My Emperor of Crime who has an IQ of 250, is based on Profesor M, Stickleback, and others


Why he turned to crime it's simple his Father was working poor, but saved enough money to send him away for proper education but that's were he learned about the fact no matter how smart or talented he was he would rise high due to his background,


LW


----------



## lwhitehead (Sep 23, 2015)

Folks I still need help with this setting it does have protential for Steampunk as well, like Lady Mechanika.


LW


----------



## Riis Marshall (Sep 24, 2015)

Hello L

Your Profesor M, Stickleback character sounds a lot like Doyle's Professor Morarity. There's absolutely nothing wrong with basing your character or plot on something that's gone before but I reckon you're going to have to be truly creative to keep him from looking like a Sherlock Holmes clone.

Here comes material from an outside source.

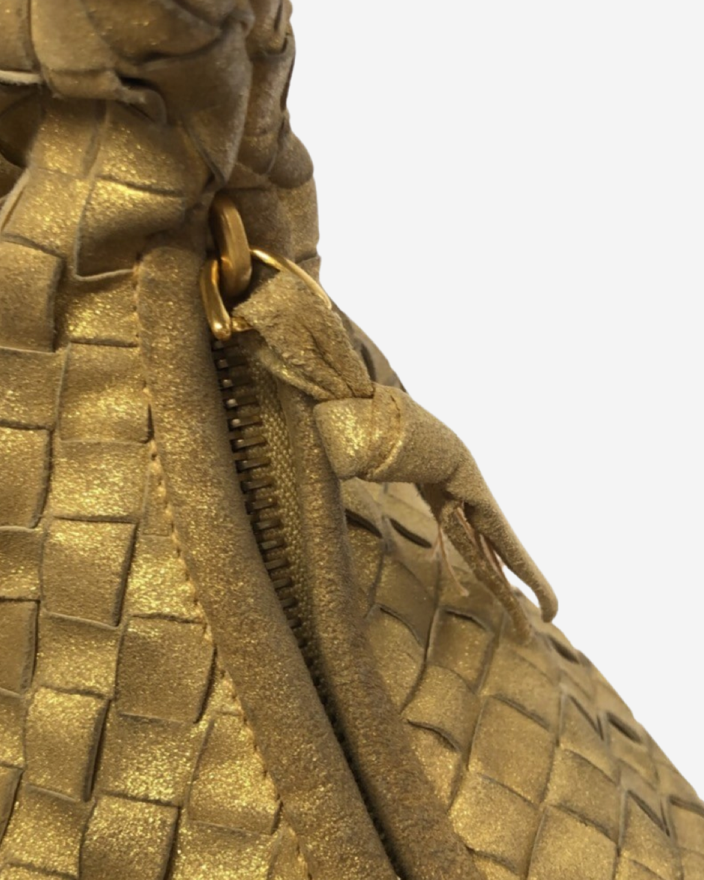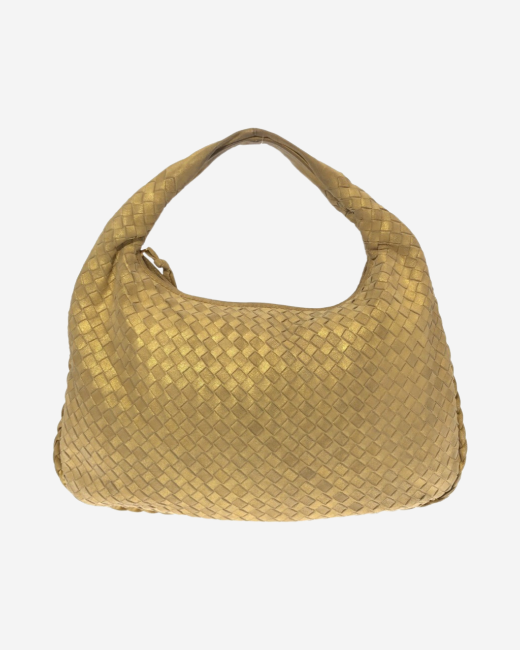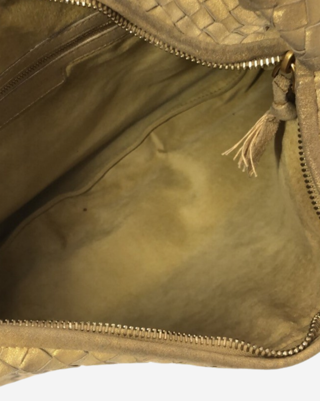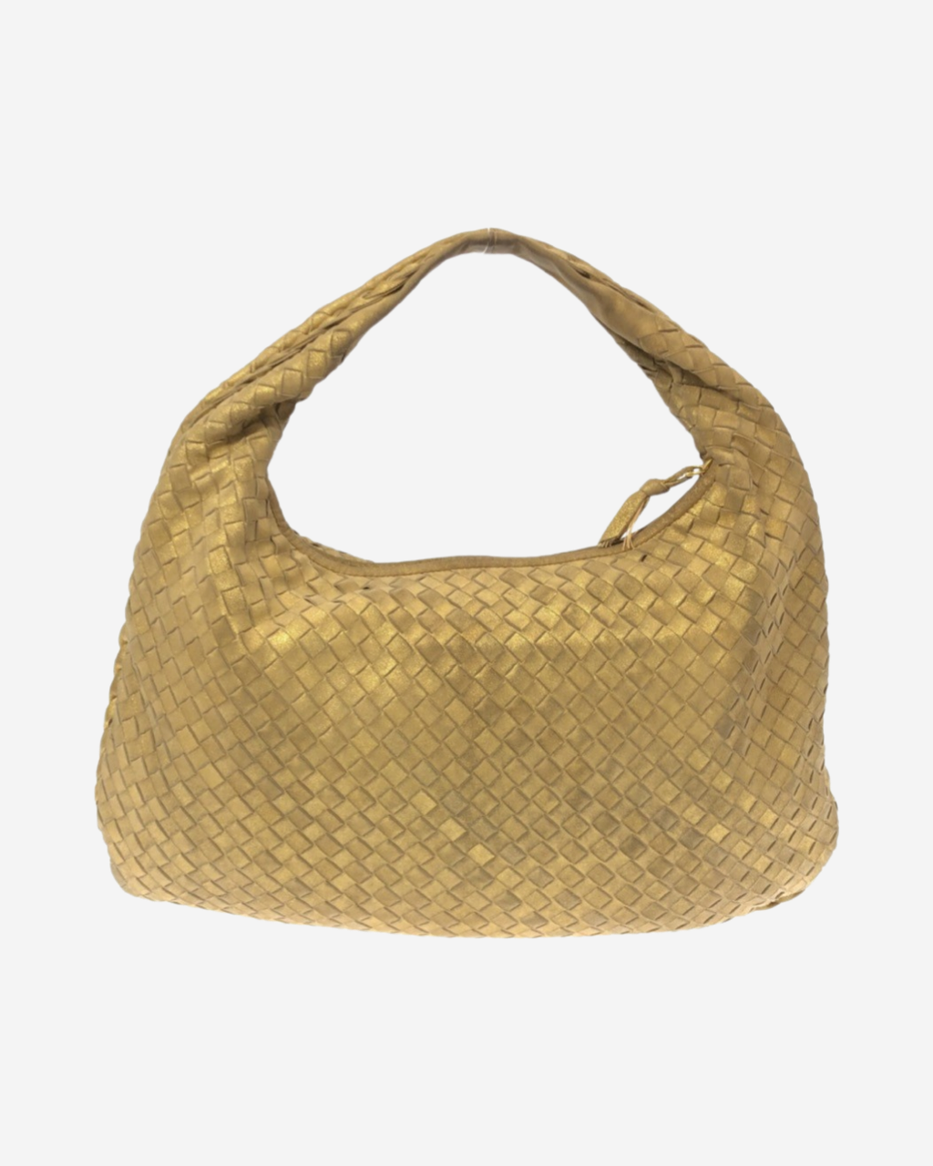 • Descripción: Bolsa de hombro tamaño mediano con diseño Intrecciato, un asa superior y compartimento principal.

All the best with your writing.

Warmest regards
Riis


----------



## Olly Buckle (Sep 24, 2015)

Here is a twist for you, people are always on about 'organised crime'. Your criminal may have the brainpower and the education, but his minions will be ordinary criminals, the sort who are a bit thick and have few or no morals, leaving him dealing with 'disorganised crime'. His organising and educating of the criminal class turns them into better people, still not good, but changed enough to cause conflict.  Just a thought. 
It is hard to tell what you are looking for, there are plenty of sources you can research British cities, have you decided on a suitable crime?


----------



## lwhitehead (May 22, 2016)

He is more like Emperor of the Night type of Criminal, he operates a huge network providing Fences for the low level criminals, controlling street level gangs that answer to him Woe to any Criminal who doesn't give him proper respect and cut of there loot.


LW


----------